We’ve made a commitment to ourselves, and to Canada, that we are going to plant our flag here in Calgary and do our best to make it work


I sent a text back to Ireland saying "Nailed it" with a sense of euphoria and achievement. I had just attended my third interview in Canada in a week and was feeling good. I could easily have got a job on any number of construction sites in Calgary, but I had loftier ambitions. I am 34 and have just spent five full years at college and university, upskilling.

I had three choices when the downturn hit Ireland in 2008 and I lost my job: 1) improve my skills through further education; 2) ship out to further shores in search of work; or 3) wait it out and see. In the end I did a combination of all three.

Last summer I finished a postgraduate diploma in construction project management at Queen’s University Belfast, and shortly afterwards I moved to Calgary in search of a job. I left behind my wife and two children, because it wasn’t financially feasible for us all to go at the same time. That first month away without them was the hardest of my life.

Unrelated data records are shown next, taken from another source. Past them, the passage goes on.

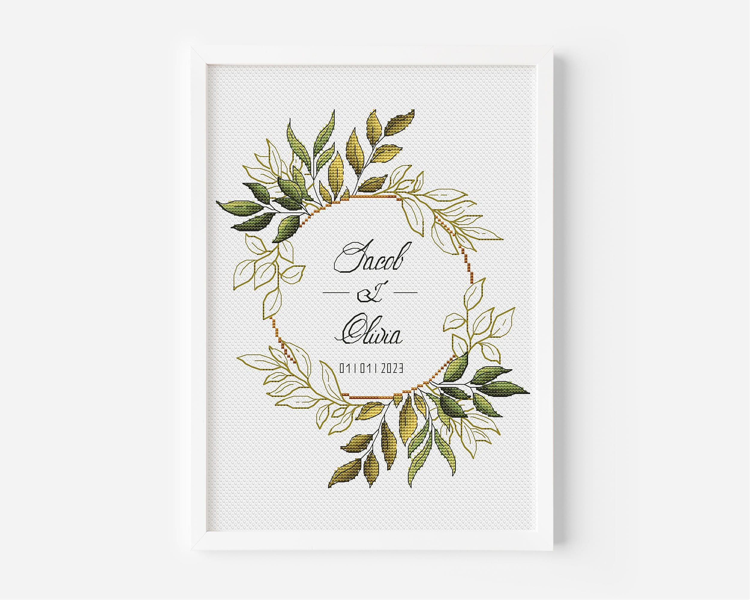 Greenery Wedding Cross Stitch Pattern Template, Modern Wedding Cros...
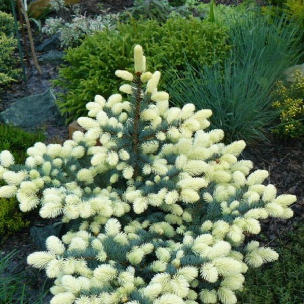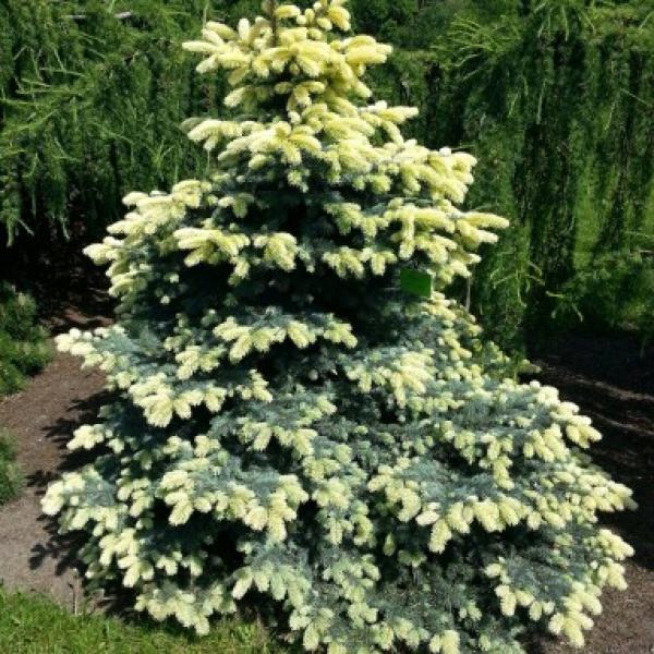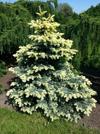 Небольшое хвойное дерево 2-3 м высотой, ширина 1 м. Крона неправильной формы, достаточно плотная. Хвоя серебристо-голубая, весной на молодых приростах бледно-желтая или соломенного цвета.
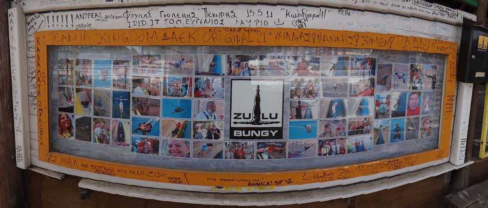After Lidl we just kept going, all the way up to the Corinth Canal. We’d read some folks just drive over it while trying to find it, not spotting it below them. Ju’s eagle eye avoided this fate for us, spying a 3.5 tonne limit sign she figured that must be the submersible bridge? True enough, we rounded the corner and pulled over alongside a queue of traffic waiting for the bridge to, erm, arise from the depths. Ju legged it over to see it as I did a Dave lock-down (much pulling closed of curtains, turning fridge onto gas, hanging a towel from the rear cupboards as the blind’s broken). By the time I arrived it was up, the thick wooden boards running across it dripping wet and cars ploughing across. For some reason a weight limit sign now read ‘3 tonnes’, a bit of miscommunication maybe? We walked over, spying the control booth and a chap stood idly by his moped in the doorway. With a bit of sign language he told us the next lowering was in 40 minutes, as the boat had to travel the length of the canal before another could come the other way. I looked past him at the controls, they looked like a long-abandoned, yellowing and dusty ‘Tardis’ film set.
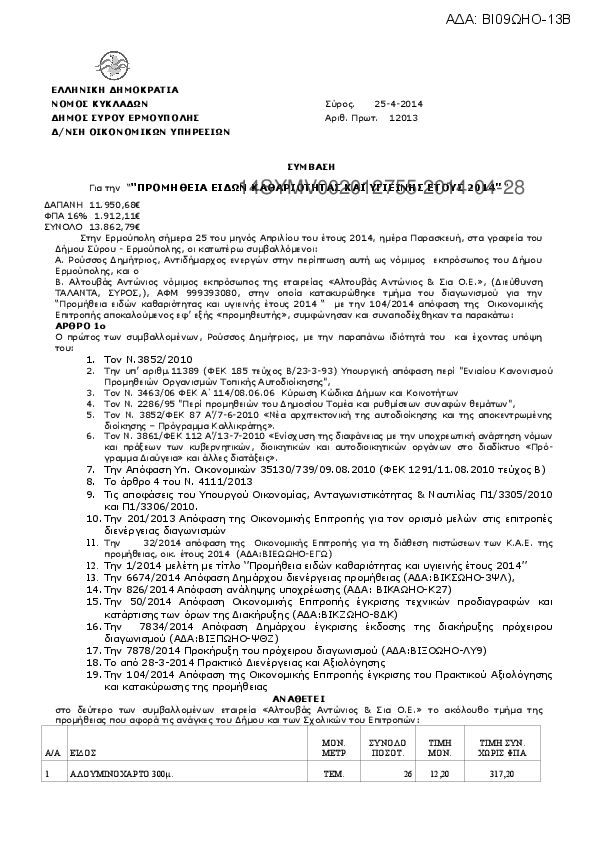 7. Σύμβαση για την προμήθεια ειδών καθαριότητας και υγιεινής έτους 2014.
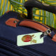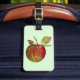 A color pencil drawing of a green and red apple adorns this customizable luggage tag!
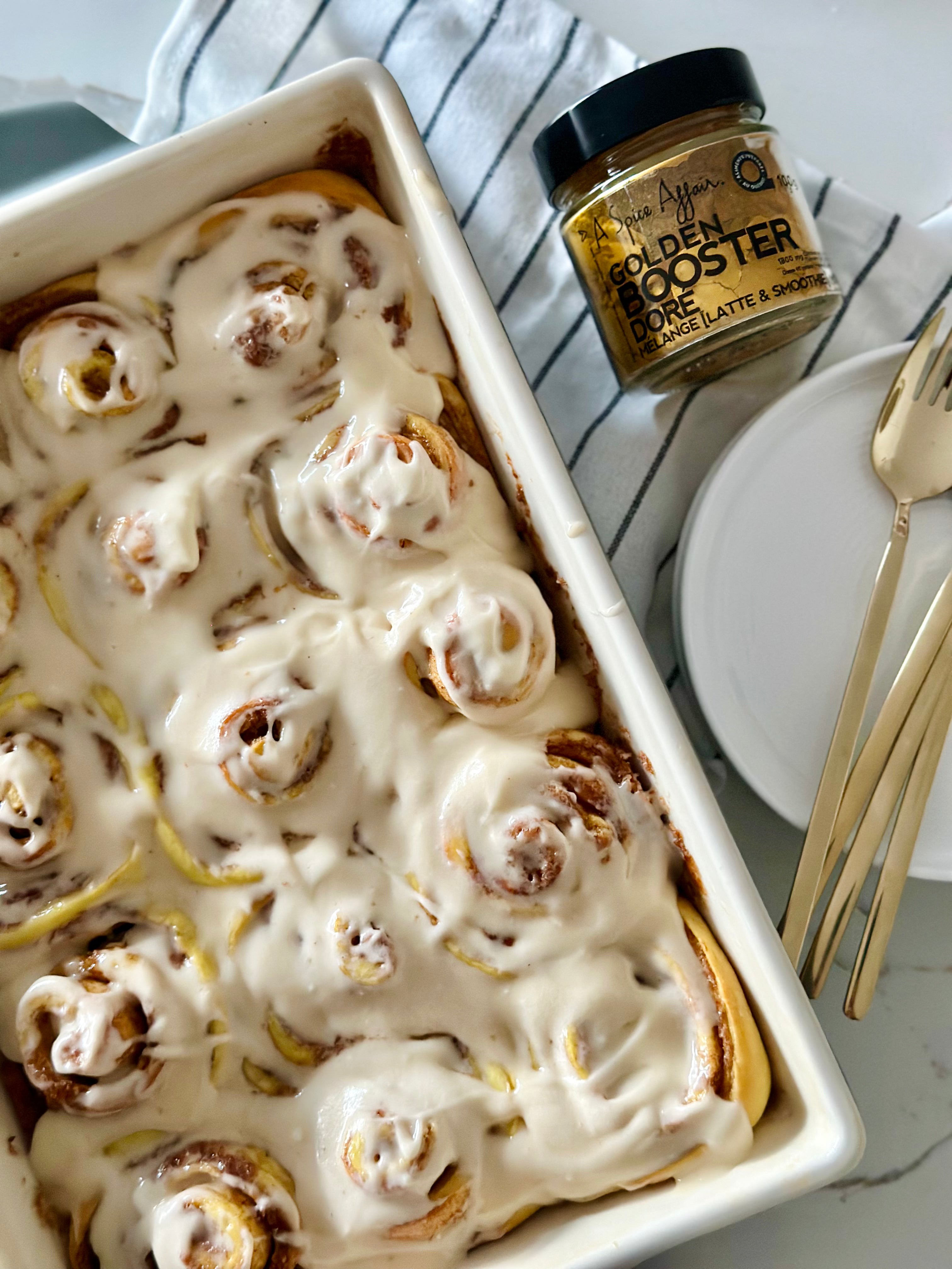 Supercharged cinnamon rolls with our Golden Booster Latte & Smoothie mix 🥰 Packed with Turmeric, Ginger, Cinnamon, Black Pepper, Cloves & Cardamom for the most comforting weekend treat. Every bite is pure comfort!
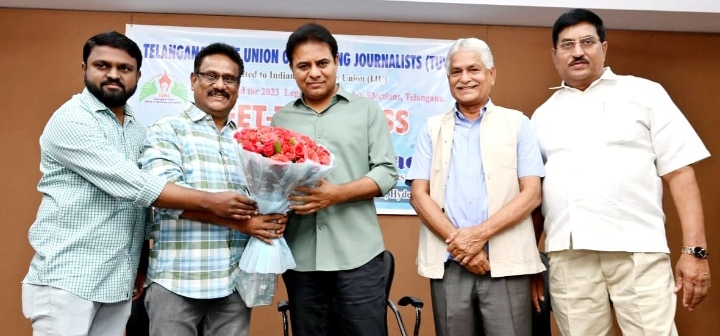 2023 శాసన సభ ఎన్నికలను పురస్కరించుకొని ఆయా ప్రధాన రాజకీయ పార్టీల ముఖ్య బాధ్యులతో తెలంగాణ రాష్ట్ర వర్కింగ్ జర్నలిస్టుల సంఘం (టీయూడబ్ల్యూజే) మీట్-ది-ప్రెస్ కార్యక్రమానికి శ్రీకారం చుట్టింది. ఇందులో భాగంగా ఇవ్వాళ బషీర్ బాగ్ లోని యూనియన్ కార్యాలయంలో రాష్ట్ర మంత్రి, భారత్ రాష్ట్ర సమితి (బీఆర్ఎస్) పార్టీ వర్కింగ్ ప్రెసిడెంట్ కేటీఆర్ తో ఈ కార్యక్రమం ప్రారంభమైంది.
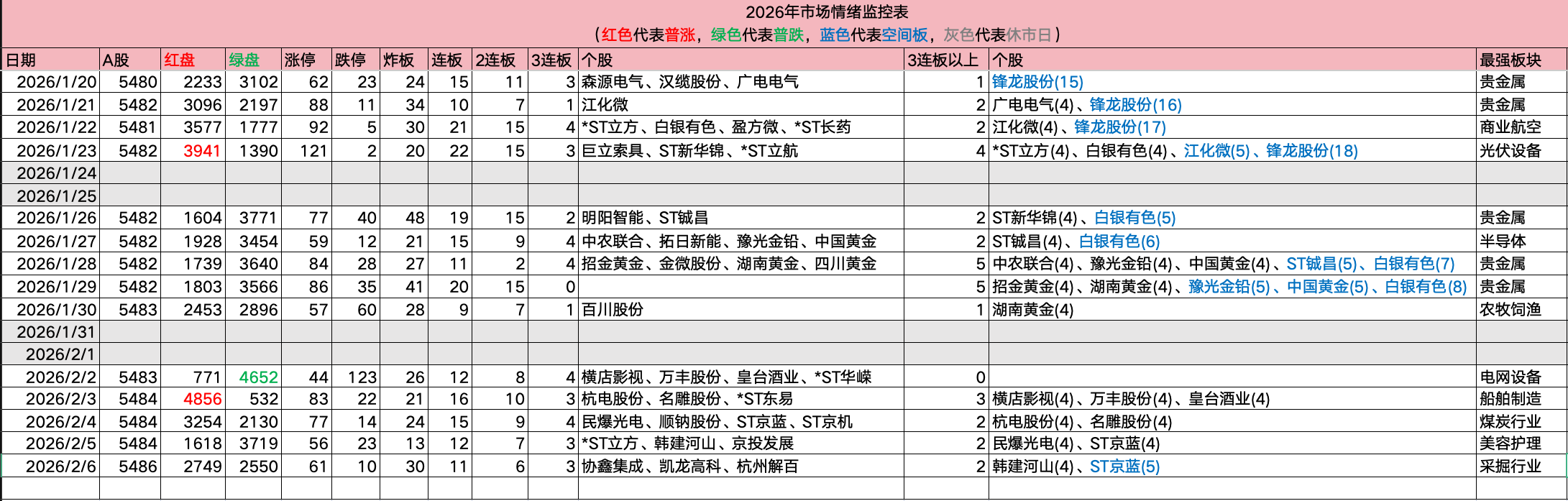 2026-02-06日市场情绪监控情况
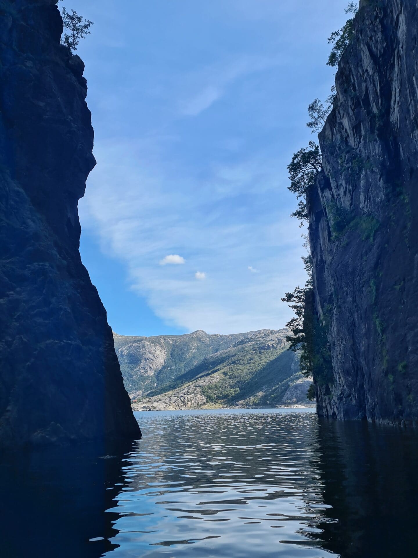 虽然从海上可能不太容易找到这个海湾,但它现在已成为游览吕瑟峡湾的游客必去的景点。如果您沿着吕瑟峡湾航行,并始终保持在峡湾的左侧,您会看到山体上的一条裂缝,那就是海湾的入口。海湾静静地坐落在一个被陡峭群山环绕的小海湾中,游客可以尽情欣赏壮丽的景色,仿佛穿越到了另一个时代。虽然入口狭窄,但足以让小型船只通过。当游船驶入海湾时,船上会播放激昂的民族歌曲,营造出更加浓厚的氛围。.
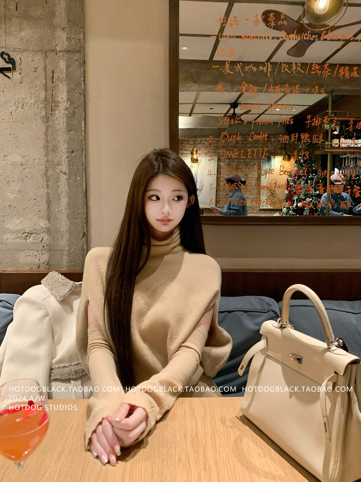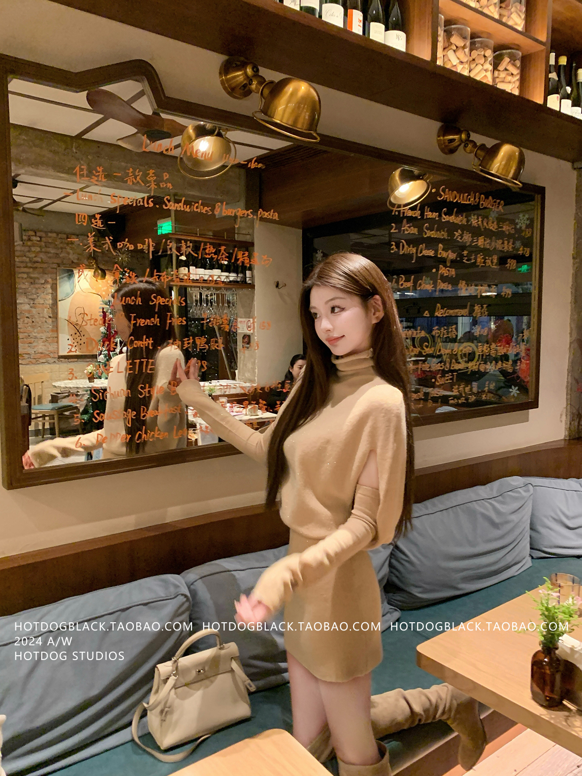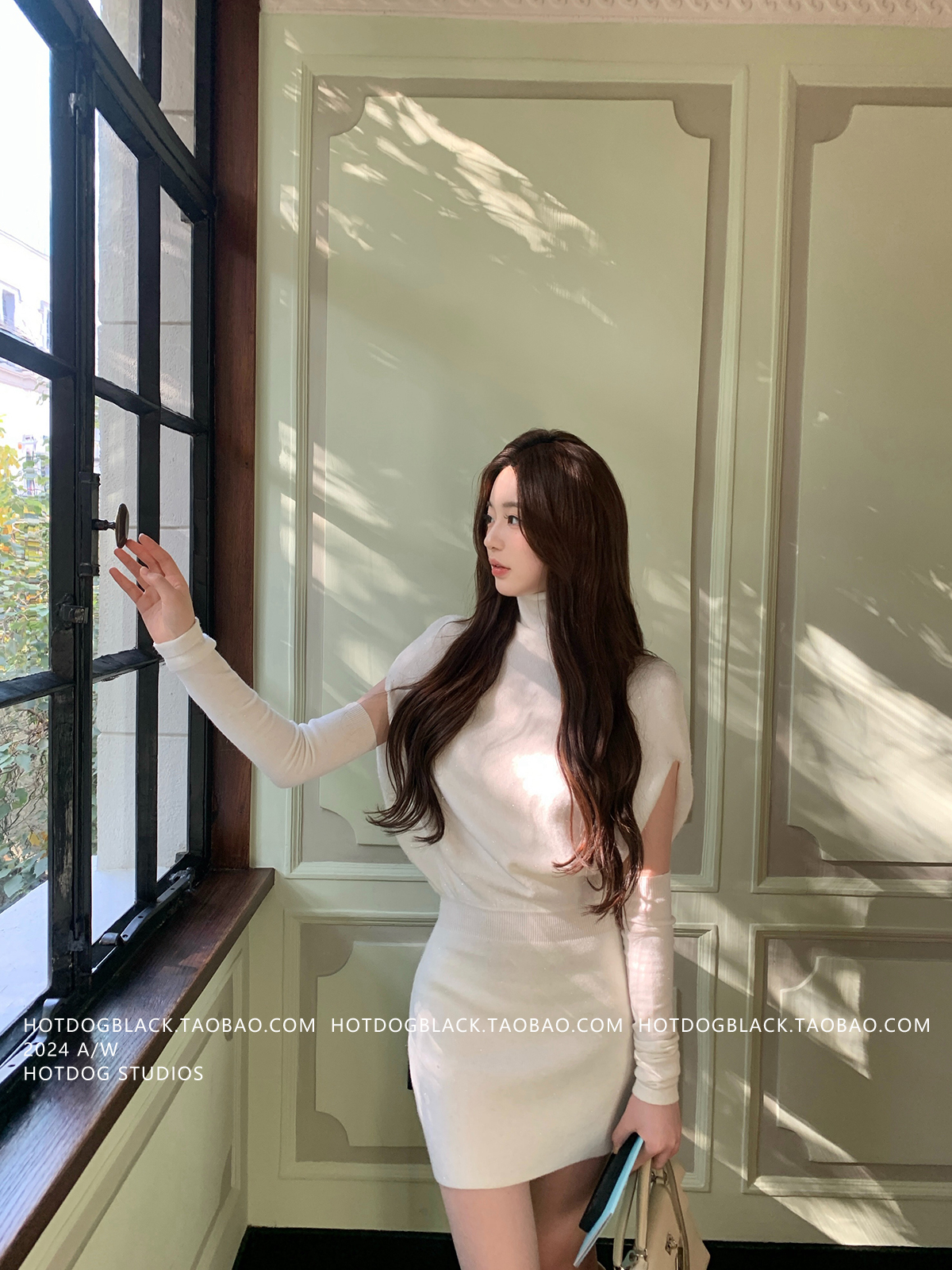 Hotdog Is Very Spicy [Korean Style Sister] High-Neck Cape Knit Dress + Sleeveless Bodycon Mini Skirt
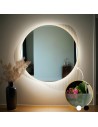 Na fotografii: Zrkadlo na ornamentálnom skle s podsvietením ELEGRA LED – zrkadlová plocha je okrúhla, no sklo za ňou, zvýraznené LED svetlom, má na troch stranách nepravidelný tvar, čo pôsobí veľmi efektne. [fot. ALFARAM]
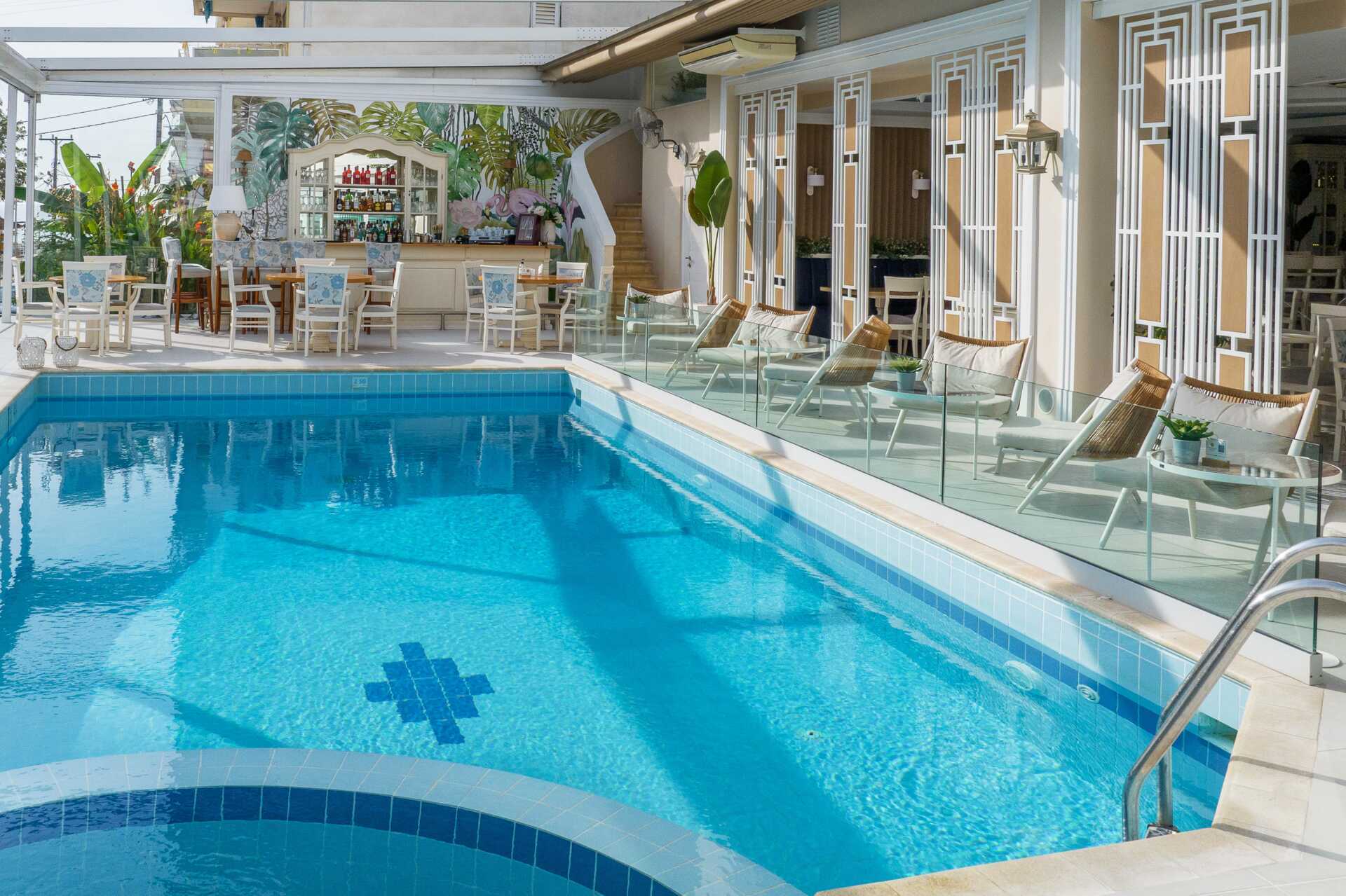 Fra takterrassen Thea Roof Garden har du en vakker utsikt over Egeerhavet og Mount Olympus, som er Hellas sitt høyeste fjell og gudenes hjem ifølge gammel mytologi, 2918 meter over havet. På terrassen kan du nyte god mat og god drikke mens solen sakte går ned i havet. I hotellets Café-Bar som ligger ved bassenget kan du starte dagen med en ferskpresset appelsinjuice eller en kald Frappé og senere på dagen og kvelden serveres det småretter og snacks - åpent fra morgen til midnatt. Frokostrom hvor du også kan sitte ute ved bassenget - hotellene frokost er en sertifisert gresk frokost og byr på aromaer og smaker fra økologiske og lokalt dyrkede produkter og lokale delikatesser.
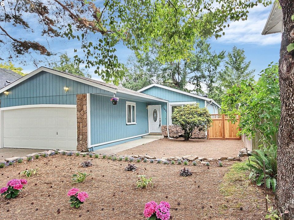 Excellent condition and great location. Updated with new floors, heat pump, new kitchen counters, new tile in bathroom, new exterior / interior paint. Bedrooms to be carpeted prior to close. Dining area, kitchen open to living room, Large 2-car garage.
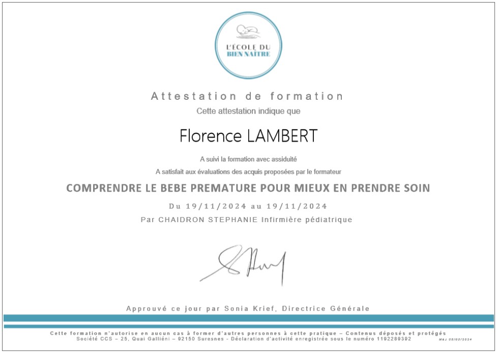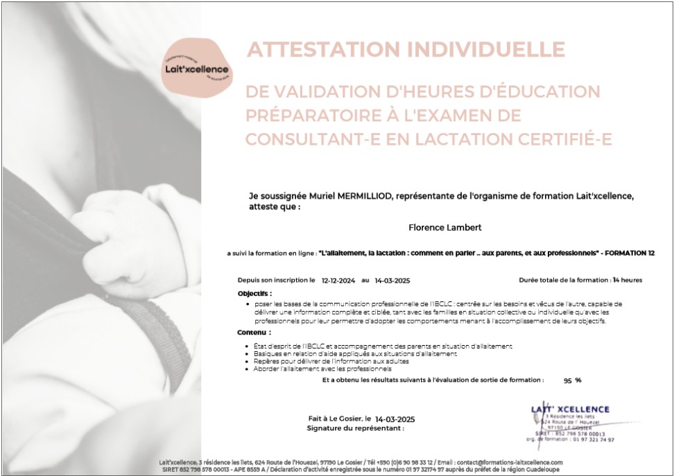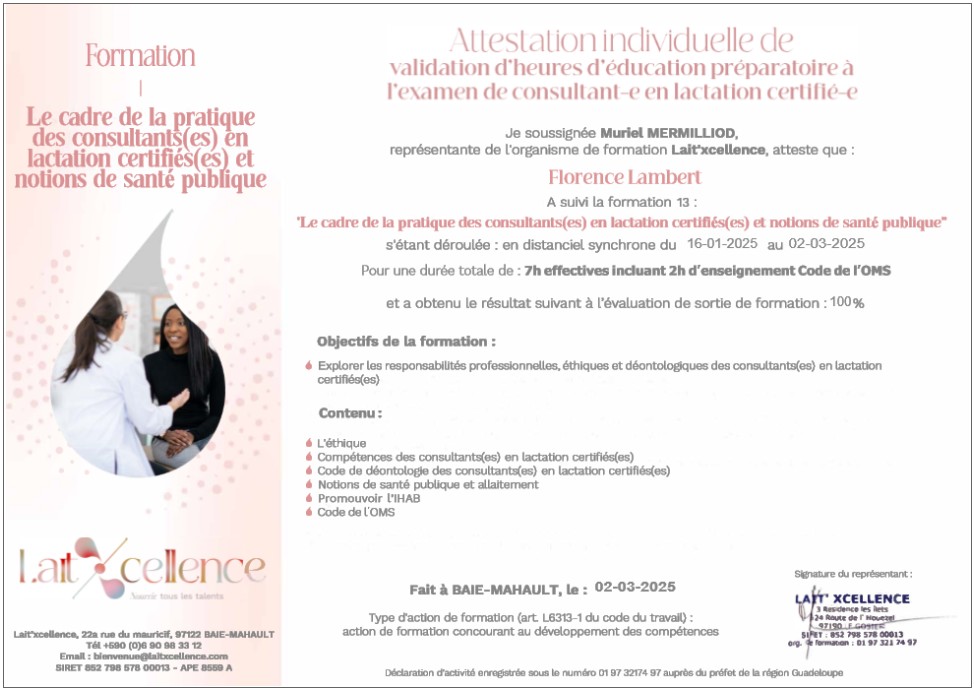 attestation de formation CONSULTANTE EN LACTATION CERTIFIéE (250h)

When you emigrate at my age, and with a family following a month later, you have just a few weeks to get yourself sorted, organising all those things it took you your whole life to do at home. Trying to secure a job that will support a family while searching for an appropriate house in an area with a good school – all in a city you are still figuring your way around – is daunting, to put it mildly. Luckily, I knew someone who was willing to let me stay in their place until I got on my feet.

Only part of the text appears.